From the textual sources alone, we can reasonably conclude that the arrow-smith was the more significant female teacher in Saraha’s life. Although the sources on the radish-curry cook differ from other accounts regarding the arrow-smith, what is clear from all these texts is that both women played prominent and important roles as gurus to Saraha. Yet, these women are not even named or physically depicted, and even in contemporary works ignored or undervalued.


As Shaw (1994: 131-2) concludes:

“The yogini taught Saraha that there is a mode of companionship that is not based on ordinary attachment. His wonderment at her enlightened presence knew no bounds:

“This yogini’s action is peerless.
She consumes the house-holder, and
Enlightened spontaneity shines forth.
Beyond passion and absence of passion,
Seated beside her own, her mind destroyed,
Thus I have seen the yogini.
One eats and drinks and

Thinks what occurs to thought.
It is beyond the mind and inconceivable,
This wonder of the yogini.
Here sun and moon lose their distinction,
In her the triple world is formed.


Perfecter of thought and unity of enlightened spontaneity, O know this yogini.”[33]
Sorting the wheat from the chaff, and the brass from the gold
So, I end this article in a cycle, back to a similar place we started, a Royal Doha song by Saraha (translated by Guenther). This final song is on the importance of not mistaking was is fake and cheap with what is real and priceless.

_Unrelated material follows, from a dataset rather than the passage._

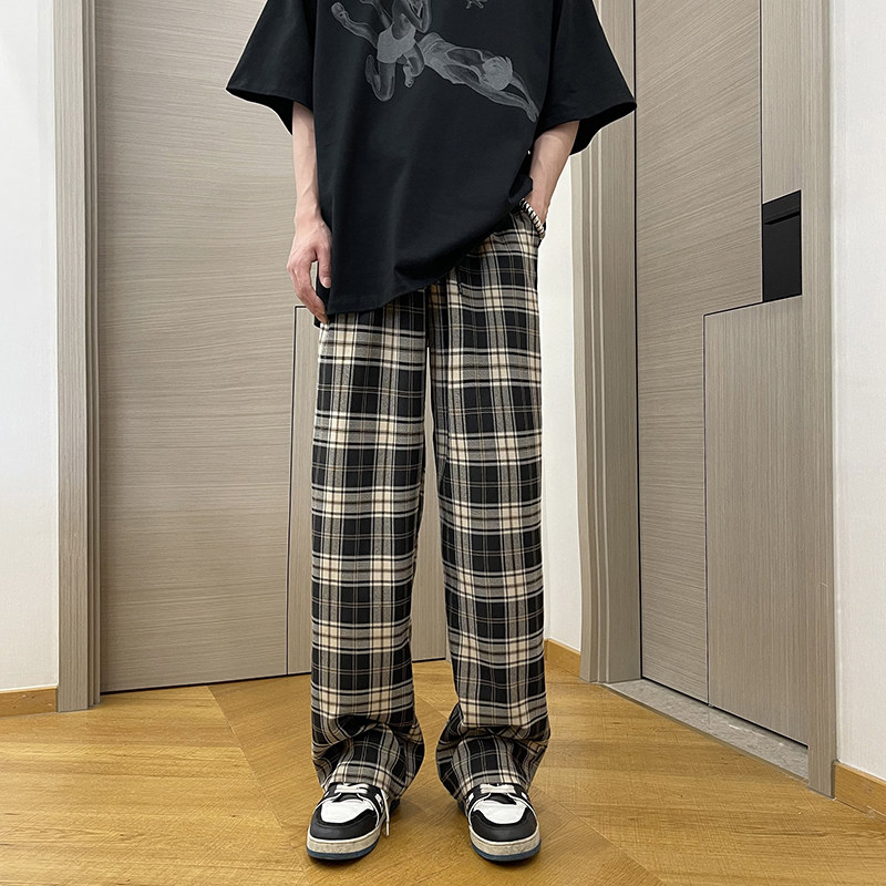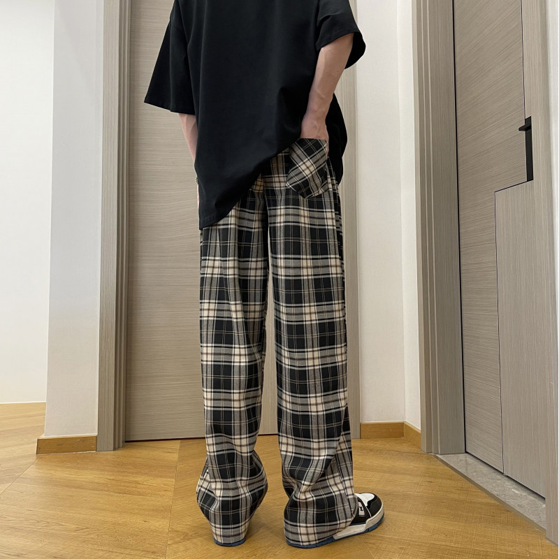 Ancient Vintage Plaid Casual Pants American High Street Vibe Pants European and American Yuppie Handsome Loose Broadlegged Pants-Taobao

24 Some people who have kindled the inner heat and raised it to the fontanelle
Stroke the uvula with the tongue in a sort of coition and confuse
That which fetters, with what gives release,
In pride, will call themselves yogis.

25 As higher awareness, they teach what they experience Within.
What fetters them, they will call liberation.
A glass trinket colored green to them is an emerald;
Deluded, they know not a gem from what they think it should be.

26 They take copper to be gold.
Bound by discursive thought,
They think these thoughts to be ultimate reality.
They long for the pleasures experienced in dreams.
They call the perishable body-mind, eternal bliss supreme.”

Saraha’s Royal Doha (tr. Guenther (1968))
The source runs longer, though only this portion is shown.